Monday, August 25, 2014

Dispelling Ebola Myths

Jungle trek across 4 flooded rivers, up hill and down dale
to reach some of our more rural communities. 
And what an emotional roller-coaster this one is. I can go from desperate sadness to frustrated anger to laughter to pride to fear in a matter of minutes.
Hearing the confusion and panic as people ask their questions about the realities of ebola and realising how many will lose their lives, not from ebola but from fear of going to a health clinic now for treatable diseases such as malaria, is just so incredibly sad.  The chief in Maronka told me when I arrived back in Sierra Leone that he knew I really loved Sierra Leone now, because I had come back to die with them!  Yes I love Sierra Leone and Yes, I love the Maronka community but No, I have not come back to die yet! The weight of the fear even in communities that are so so unlikely to come into contact with the disease, is incredible.  I have met one person since coming back who has ever met anyone who has met anyone who has had ebola.  She was a nurse training nurses and some of her students continued to treat people at home, despite clear advice not to.  Two of them died. Although we operate in the Port Loko District and there have been over 30 cases there now, they are far from where we work.  They are all focused around a hospital to which a number of Guinean patients came to see a particular Doctor who worked there.  This hospital is an hour's drive from where we work.
The irresponsible, in my view, reporting by the vast majority of the media will kill so many more people than ebola will.  When British Airways chose to stop flying to Sierra Leone and Liberia, the wave of panic that swept the country was incredible. And, as nearly all the foreigners that could, fled the country or cancelled their returns, what are the Sierra Leoneans to think but that ebola is indeed lurking behind every tree to catch them? I have not succeeded terribly well in controlling my anger at the lack of thinking that goes into sensationalising this situation. It has taken us over a decade to start to rebrand Sierra Leone as other than that country where people have their hands chopped off!  How long will it take us to rebrand after the panic-mongering from ebola?
The other anger making aspect is the corruption fiesta going on as government members fight each other for a slice of the ebola money pie!  How terrible and how hard to watch!
Since coming back on 9th August, I have been going from one EducAid site to another to clarify three simple messages:
1 Ebola is real (and not a government ploy to get money from donor countries or a trick by health workers to be able to harvest organs or any of the other conspiracy stories in circulation).
2 Ebola is avoidable. You have to be in direct physical contact with the body fluid of a seriously sick infected ebola patient or infected corpse.

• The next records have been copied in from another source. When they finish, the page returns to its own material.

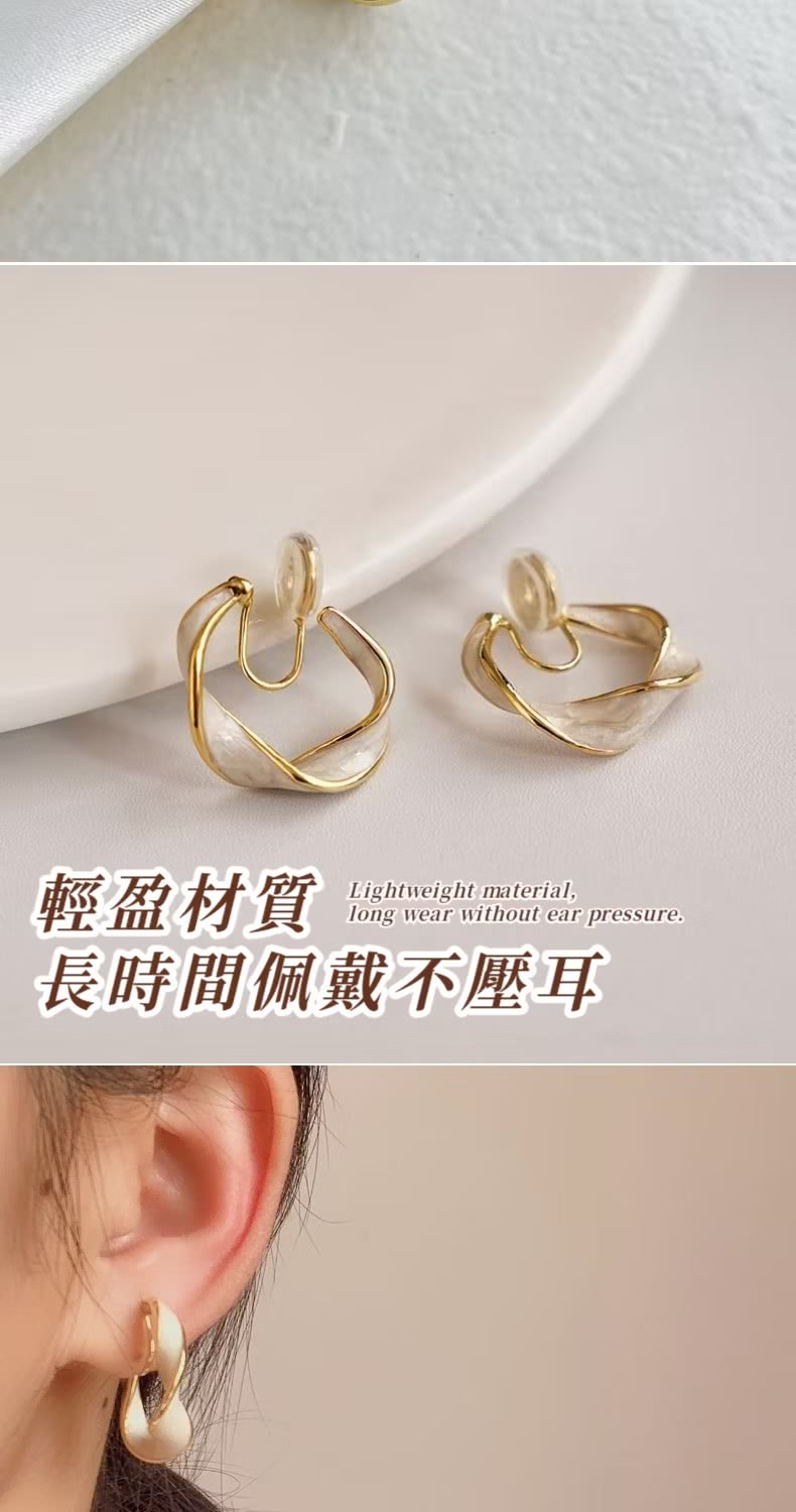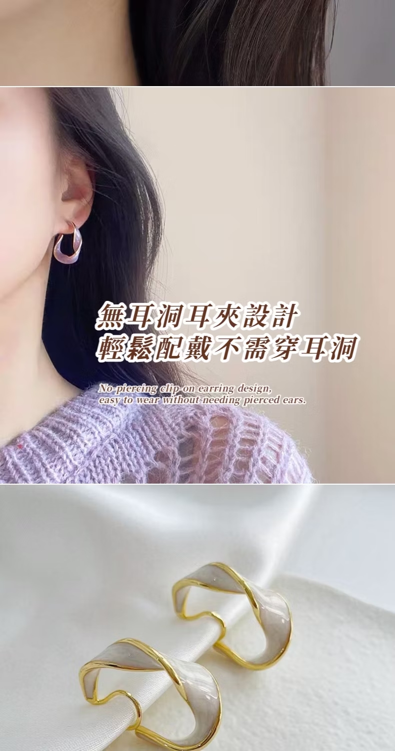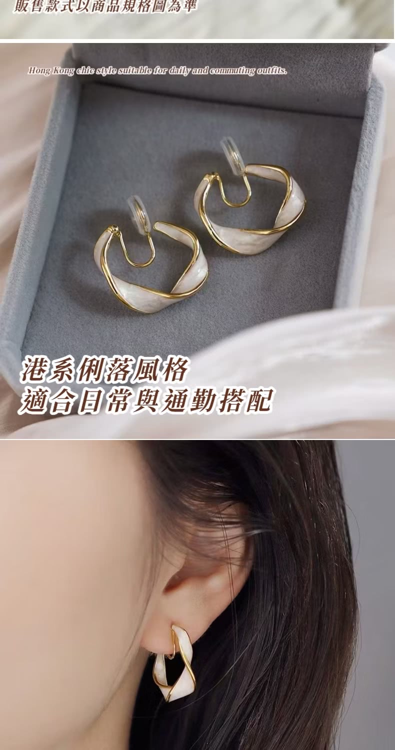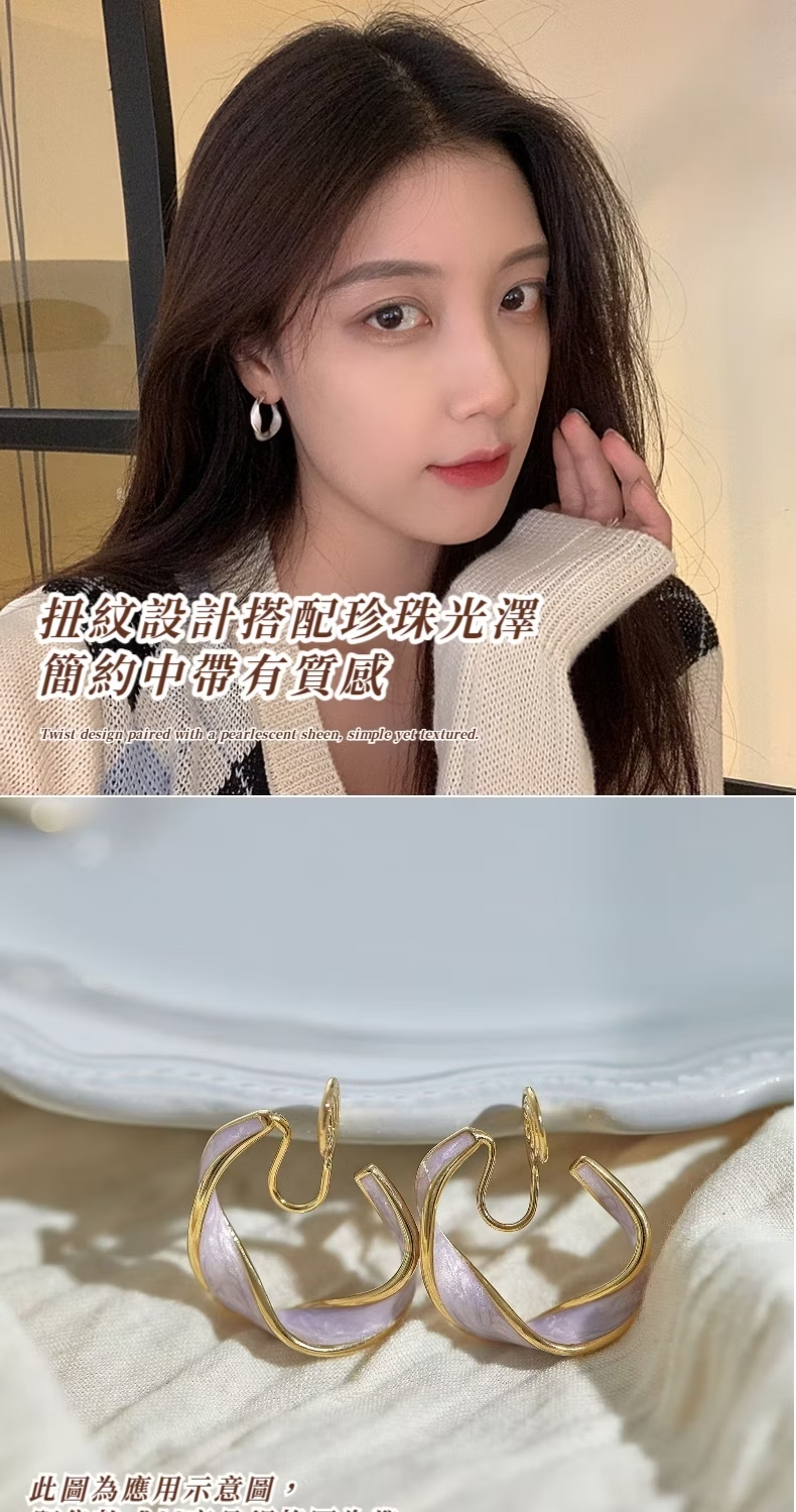 【高級設計感】港系扭紋珍光無耳洞耳環夾(無耳洞 夾式 耳環 耳夾 耳飾 C型 光澤感 約會 日常 圈圈)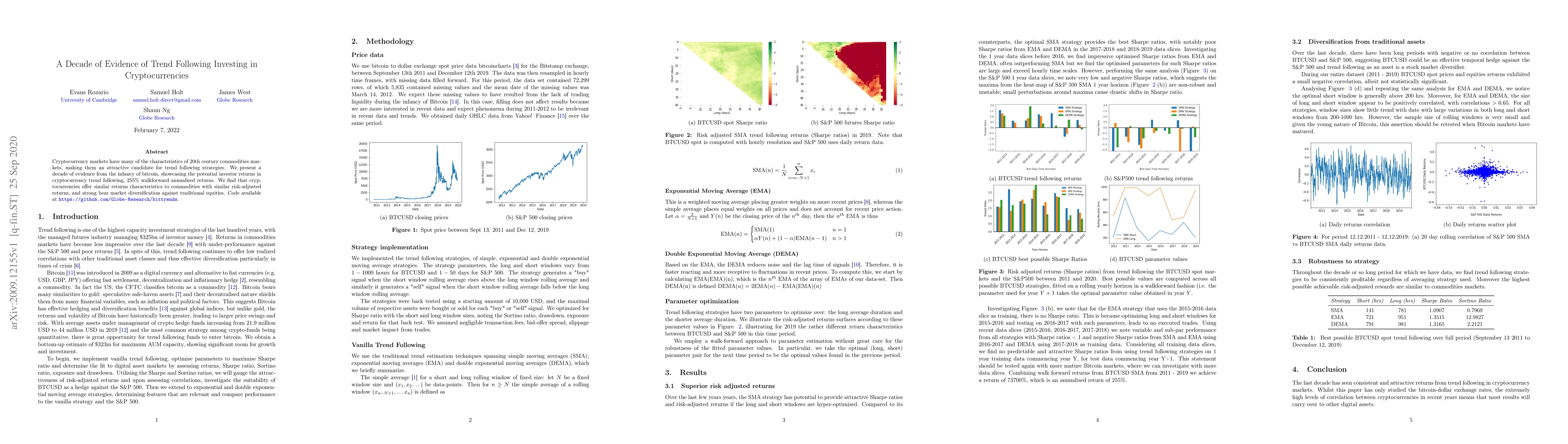 Cryptocurrency markets exhibit characteristics similar to commodities markets, enabling trend following strategies with high returns (255% walkforward annualised), comparable risk-adjusted returns, and strong bear market diversification.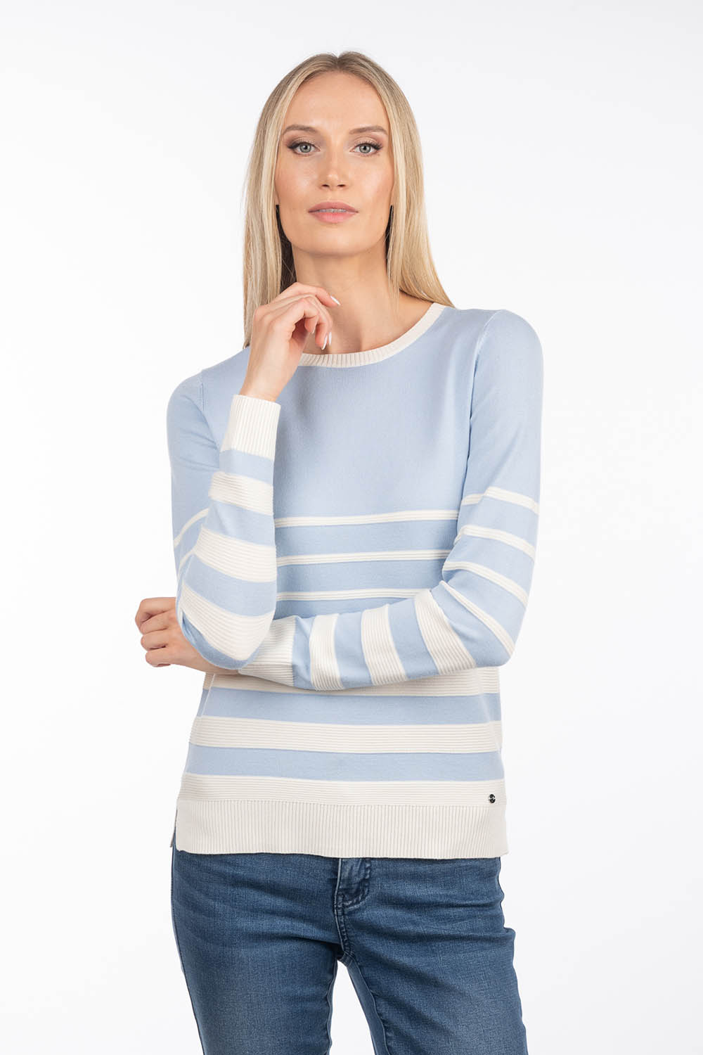 Klassikaline merestiil uues võtmes. Selle helesinise kampsuni struktuurne triibukude lisab lihtsale lõikele isikupära ja sügavust. Valmistatud pehmest viskoosist, pakkudes mugavust ja elegantsi igaks päevaks.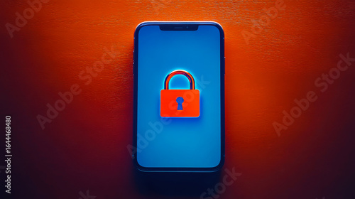 cell phone with padlock on screen, blue and red colors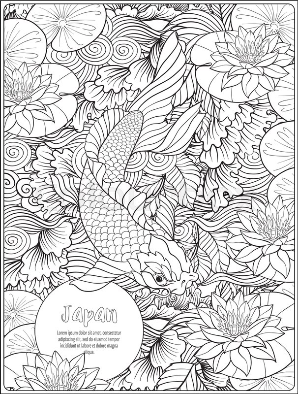 Japanese Landscape With Mount Fuji And Tradition Flowers And A Bird Outline Drawing Coloring Page Coloring Boo Coloring Pages Outline Drawings Coloring Books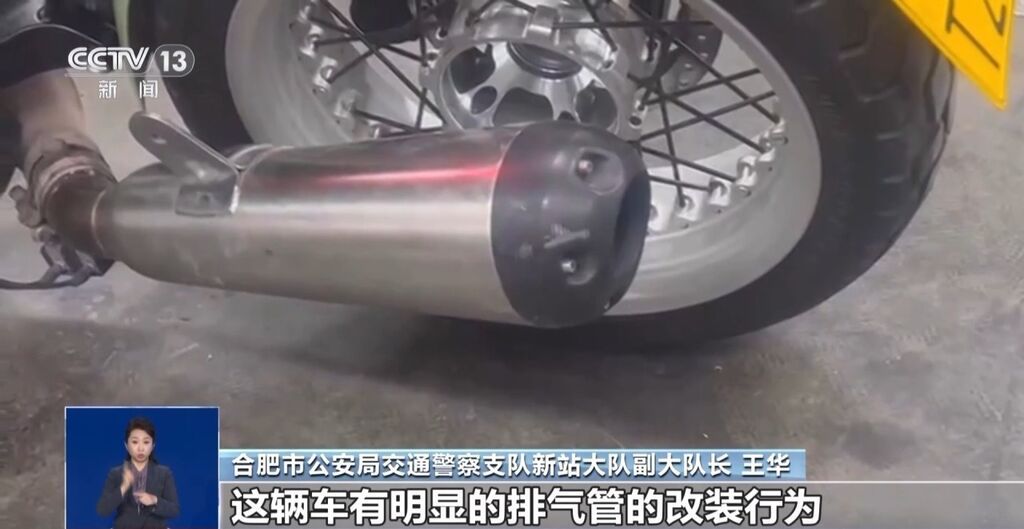 合肥市公安局交通警察支队新站大队副大队长 王华:经核查以后这辆车有明显的排气管改装行为,噪声很大。我们按照法律规定,依法对改装车进行暂扣,对改装的违法行为依法查处。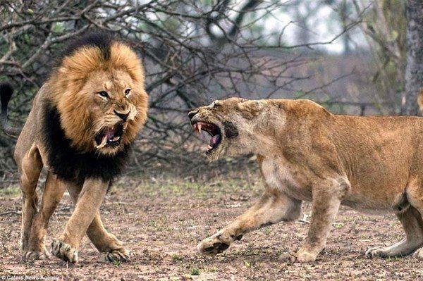 Bir erkek ve dişi aslan, Güney Afrika'daki Kruger ulusal parkında şiddetli bir kavgaya tutuşurken fotoğraflandı.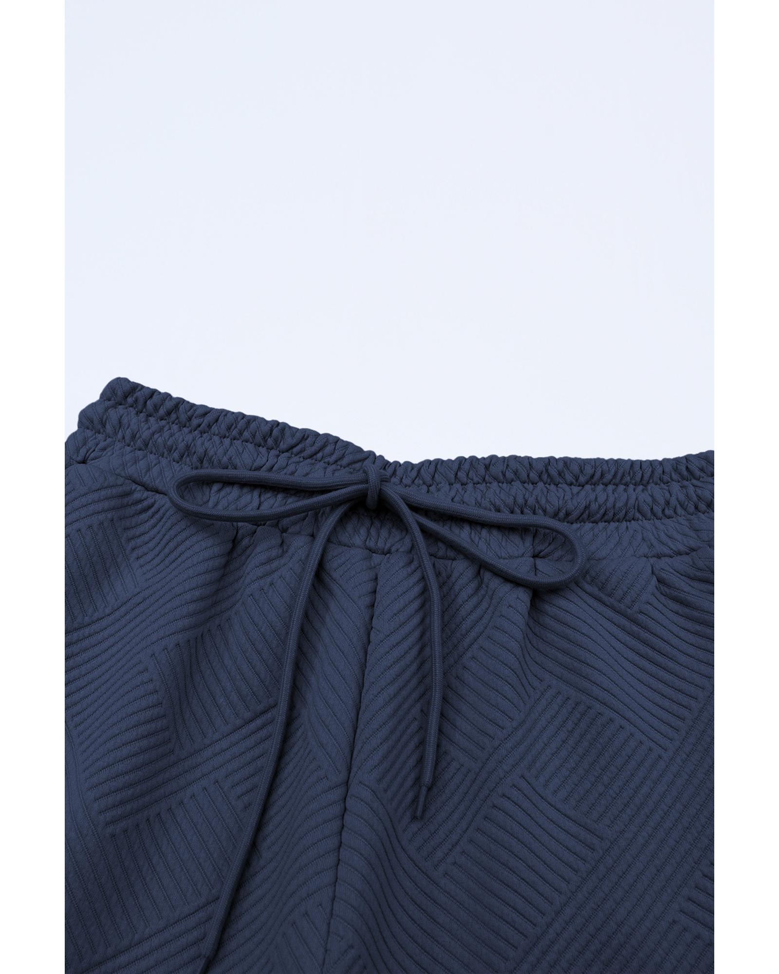 Navy Blue Textured Loose Fit T Shirt and Drawstring Pants Set – 2XL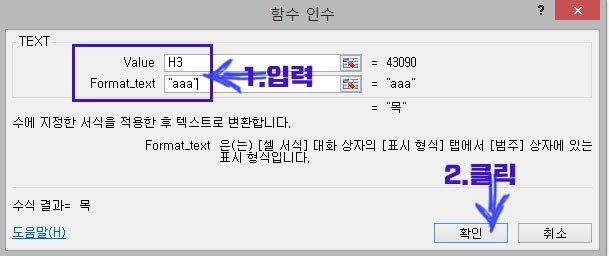 예제) Value: H3 셀 / Format_text: aaa(요일 표시 서식코드)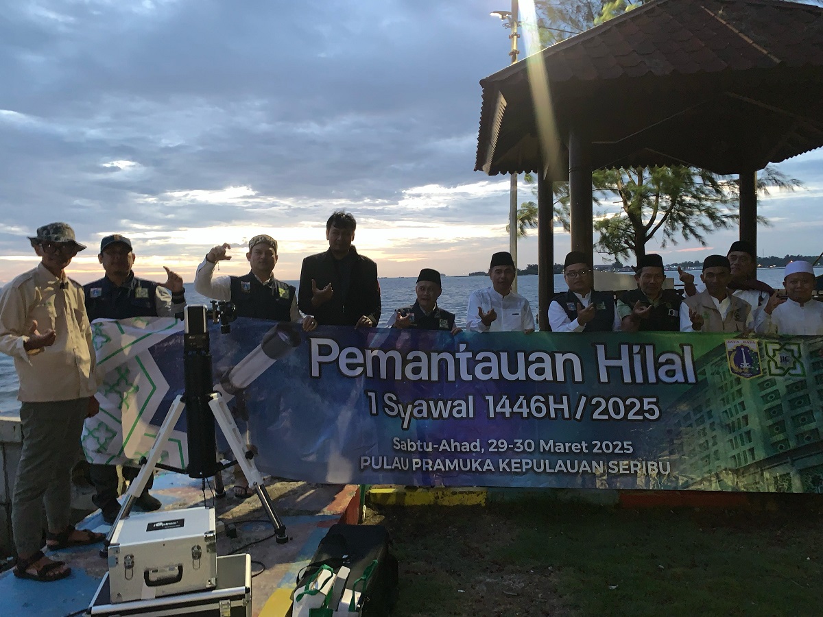 Tim Hisab dan Rukyat Kantor Kementerian Agama (Kemenag) Kabupaten Kepulauan Seribu, memantau Rukyatul Hilal untuk menentukan 1 Syawal 1446 Hijriah. ..

That means that if you are not a health worker or taking care of a sick person at home, you are very very unlikely to get it but to be doubly sure, avoid unnecessary travelling around the country and unnecessary touching: greet with your hand on your heart rather than shaking hands etc.
3 Ebola is survivable.  There are well over 200 Ebola survivors in Sierra Leone. If you report quickly, you are likely to survive because you will get treatment quickly. If you don't report you will likely die but it will more probably be of malaria or some other treatable illness than of ebola anyway. With any symptoms, get yourself to a clinic for treatment and call 117 if there are problems.
As we tell people these simple messages, we can see the tension in the room drop and people thank us profusely for coming with the information and making things clear to them.
And when we are tired from our trekking and our talking, all we need is a little bit of running in the rain, slipping and sliding in the mud to cheer us up and to have us laughing at the normal joys of life!
I am one very lucky woman to have such an amazing team of committed staff and students who love their country and believe in their ability to make a difference to situations by their love, integrity, determination and education! I am more than ever proud of the EducAid team.
This is a setback for Sierra Leone but we will survive and EducAid will continue to fight for thinking education for all.
If you read nothing else on ebola, I would like to recommend a really excellent article.  Please do read it and spread it far and wide.  It has such a helpful perspective:
http://www.theguardian.com/commentisfree/2014/aug/05/ebola-worrying-disease
If you would like to know more about EducAid's work with vulnerable young Sierra Leoneans, please go to www.educaid.org.uk

Monday, August 18, 2014

Great news from Augustine Bundor (EducAid's first Dr to be)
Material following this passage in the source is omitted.